2. Herd immunity: I never thought I would hear that term on the evening news. We should take the time to explain all the steps we take to protect and care for our cows. Dairy farmers understand better than most the reasons for vaccinating your herd to give it resistance to many common viruses found in nature.
3. Critical infrastructure: This should have already been self-evident, but people took note of that fact when they went to a store and found empty shelves for the first time. We had folks calling wanting to know why milk production had dropped or wondering if we (dairy farmers) had stayed home. I explained our cows were producing the same amount as always. I told them our family and staff had to care, milk, and feed our animals just like we always had. I explained that we were trying to social distance staff at work and explain to staff daily why that is important.

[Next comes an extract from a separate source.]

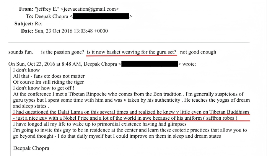 2016年10月23日,印度裔美國籍醫(yī)生和作家迪帕克·喬普拉(Deepak Chopra)致信愛潑斯坦稱,“我曾多次就此向達(dá)賴?yán)镎埥蹋瑓s發(fā)現(xiàn)他甚至對(duì)藏傳佛教都所知甚少——不過就是個(gè)獲得諾貝爾獎(jiǎng)的普通人(nice guy),而世人敬畏他多半是因?yàn)樗纳矸荩ń{紅僧袍)”。愛潑斯坦則回復(fù)稱,現(xiàn)在這成了大師們用來消遣的無聊玩意兒(編織籃子)?

This is a unique time in which we can explain things we do on the farm to care for our animals and how it relates to the current situation we are all in.
We are all part of the human herd. We are a critical industry to the herd. Take this time of social distancing to explain what we are already practicing.
Mark and Caitlin Rodgers are dairy farmers in Dearing, Georgia. Their “Father and Daughter Dairy Together” column appears every other Thursday on HD Notebook. The Rodgers have a 400-cow dairy that averages 32,000 pounds of milk. Follow their family farm on Facebook at Hillcrest Farms Inc.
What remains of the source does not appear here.